Penn Vet dual degrees: The student experience

The expansion of the dual degree program is timely, given the recent perfect storm of a pandemic; growing awareness of social, racial and economic inequity; and increased impact of climate change.

Last year, Penn Vet expanded its dual degree program, adding a VMD-Master of Social Work (VMD-MSW), with Penn’s School of Social Policy & Practice, as well as a VMD-Master of Environmental Studies (VMD-MES), with the University’s School of Arts and Sciences.

From left to right: Jaclyn Camus, Anna Shirosky, Caitlyn Tukdarian
From left to right: Jaclyn Camus, Anna Shirosky, and Caitlyn Tukdarian. (Images: John Donges/Penn Vet)

The degrees—which feel almost prescient given the recent perfect storm of a pandemic; growing awareness of social, racial and economic inequity; and increased impact of climate change—are the latest additions to the School’s pioneering program. (Penn Vet’s VMD-Ph.D. degree was the first of its kind nationwide.)
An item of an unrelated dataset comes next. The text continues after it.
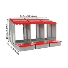 Specifications Material: PP Style: Modern Color: Red+Grey Process: Injection Molding Shape: Rectangular Assembly Required: Yes Number of Compartments: 3 Breed Recommendation: Chicken Mount Type: Freestanding, Wall-mounted Product Size: 84.5*51.5*46.5cm/33.26*20.27*18.3in Package Size: 51*32*26cm/20.08*12.6*10.24in Gross Weight: 4.2kg/9.26lbs Net Weight: 3.99kg/8.8lbs Package Included 1* 3-Compartment Chicken Nesting Box 1* English Manual Other Accessories for Assembly.
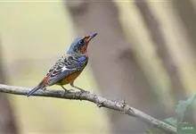 栗腹矶鸫是鸫科、矶鸫属小型鸟类,体长20-25厘米。雄鸟上体呈辉亮的钴蓝色,两翅黑褐色,喉蓝黑色,其余下体栗红色。雌鸟上体橄榄褐色,背具黑色鳞状斑,下体棕白色密杂以黑褐色横斑,黑白相衬,极为醒目,…全部>>

For Jaclyn Camus, pursuing dual degree in veterinary medicine and masters in public health, a dual degree bridges the study of infectious disease between exotic species and humans. “I studied agriculture in undergrad and worked at a wildlife rehab center when there was an E. coli outbreak that spread to humans,” she says. “I became fascinated with infectious disease, especially disease between exotic species, and learning more about One Health. I felt Penn Vet was putting One Health into action more than anywhere else—which is evident in the dual degree program options.”

Anna Shirosky is pursuing a VMD-MES, at Penn Vet and the School of Arts and Sciences. “The COVID-19 pandemic has shown veterinarians are at the center of humans, animals, and the environment—it’s the One Health concept,” she says. “We must embrace our role in balancing the health of all three. Penn Vet’s dual degree programs are an acknowledgment of our unique position, whether we’re in clinical practice, research, or the private or public sector.”

Caitlyn Tukdarian is combining veterinary medicine with social work. “Veterinary medicine is really a human-centric profession, whether or not we realize it at first,” she says. “And social work supports the symbiosis between humans and animals. I see the intersection being the respect and support for the life and dignity of animals and the humans who care for them. I came into Penn Vet with the goal of helping the animals who help people so much. Then when I learned about the VMD-MSW, I realized this is what I was meant to do—help people and animals!”